# arrow straightener



## mitchell (Mar 5, 2005)

I tried one with aluminum arrows years ago and found it to be a bust. It could have been operator error, and that was at least 10 years ago. The way it was designed you put the shaft between two rollers about a foot apart, and had a lever in the middle to correct the bend. Never got one even close enough for my taste. Be sure and read some reviews. Current technology may be way better.


----------



## BOHO (Aug 7, 2004)

I dont have any experience with them. Once I bend an aluminum, I straighten it by hand as best as I can and use it for a junk arrow like for ***** or whatever. Save the new ones for deer. If its bent too bad to fool with it, I'll cut the bend out if its at the end and let somebody with a shorter draw use it.


----------



## fuelracerpat (May 6, 2008)

Arrow straighteners can be a very effective tool, depending on how and where the shaft is bent. The expense of buying a new one though is quite high.
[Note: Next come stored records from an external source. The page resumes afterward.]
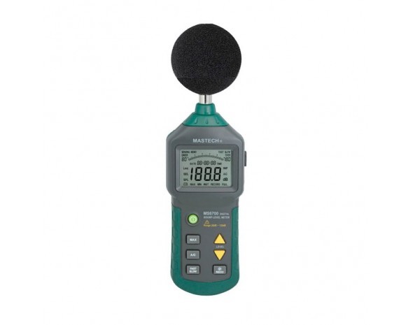 Цифровой шумомер Mastech MS6700 - позволяет измерять уровень громкости звука и шумов в большом диапазоне и с высокой точностью. Прибор имеет специальный измерительный микрофон, обладающий очень малой неравномерностью АЧХ и высокой чувствительностью, усилитель, корректирующий фильтр и большой ЖК-дисплей для отображения полученных результатов измерения. Помимо цифровой индикации результатов измерения в шумомере Mastech MS6700 предусмотрена графическая шкала для мнемонического отображения величин. Прибор можно подключать к персональному компьютеру с помощью последовательного порта RS-232 для последующей обработки полученных данных. В условиях недостаточной видимости подсветка дисплея поможет прочитать полученные данные. Питание прибора осуществляется с помощью батареи питания 9 В типа "Крона" или внешнего адаптера питания 9 В.
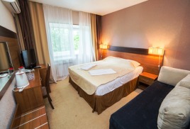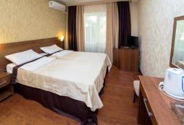 - 2-х местный номер первой категории без балкона. Площадь номера, кв.м: 18. Количество основных мест: 2. Количество дополнительных мест: 1 (односпальный диван).
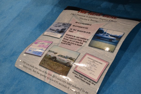 Because “Swiss Cheese’ Catalinas were so rare, they were reserved for only established racers—guys like Mickey Thompson and Arnie “The Farmer” Beswick. The one you see here was driven by Harold Ramsey, a salesman for East Coast dealership Union Park Pontiac. Like many dealerships of the day, Union Park lived by the mantra, “win on Sunday, sell on Monday.”

Personally, I would just buy new arrow shafts, for the $300 a straightener costs...man that will buy quite few X7's!


----------



## jmoose77 (Apr 3, 2004)

I use a Vador arrow straighteners with good results.
Arizona arrow straighteners are real nice and have seen used ones sell at reasonable prices.


----------



## bigbassone (Jan 13, 2010)

I have a straightner I'd sell $30.00 tyd. I've straightened alot of arrows with it just takes some practice. I just dont shoot aluminum arrows anymore. PM me if your interested.


----------



## woody912 (Oct 24, 2008)

I have a Groves and with practice a really bent arrow can be made to shoot pretty well, at least as a practice arrow. I have also threaded an insert so I can drive it down a dented arrow and get the ding out of it. Thin wall arrows like 2413's, 2512's are harder to straighten, 2117's etc you can really work on


----------



## JMLOWE (Apr 19, 2011)

Oh me, brings back memories. It can be done and is effective but requires alot of patience, for my time and money I replace the shaft.


----------